» WHAT YOU ARE ASKED TO DO: Repeat every record exactly, but omit the images.

Stored records
+++++

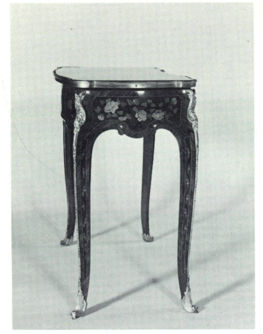
Lady's Dressing Table . French, c.1760
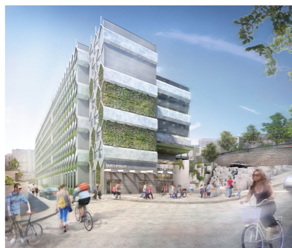
Vehicles, bicycles and transport services would enter the hub via Montague Street/ Eugene Street.
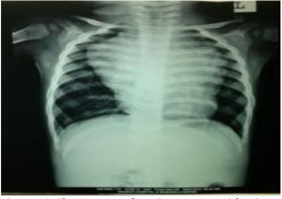
Figure 1:Chest x ray showing gross widening of superior mediastinum.

CT thorax suggested a well defined mass of 9.8*6.8*5.2cm in anterior mediastinum extending into middle mediastinum and draped over mediastinal vessels and cranial aspect of heart.(Figure2)
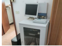
#22: Electrónica de Oficina
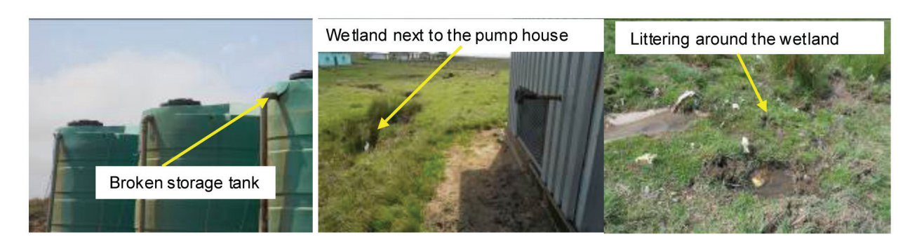
Figure 4 Case Study 1 on-site observation issues noted

Considering the observations from the sites visited in all three provinces, the following recommendations can be made. Source protection (fencing) in some instances may not be effective. Other methods of ensuring safe drinking water should

+++++

» TASK ANSWER:
Lady's Dressing Table . French, c.1760
Vehicles, bicycles and transport services would enter the hub via Montague Street/ Eugene Street.
Figure 1:Chest x ray showing gross widening of superior mediastinum.

CT thorax suggested a well defined mass of 9.8*6.8*5.2cm in anterior mediastinum extending into middle mediastinum and draped over mediastinal vessels and cranial aspect of heart.(Figure2)
#22: Electrónica de Oficina
Figure 4 Case Study 1 on-site observation issues noted

Considering the observations from the sites visited in all three provinces, the following recommendations can be made. Source protection (fencing) in some instances may not be effective. Other methods of ensuring safe drinking water should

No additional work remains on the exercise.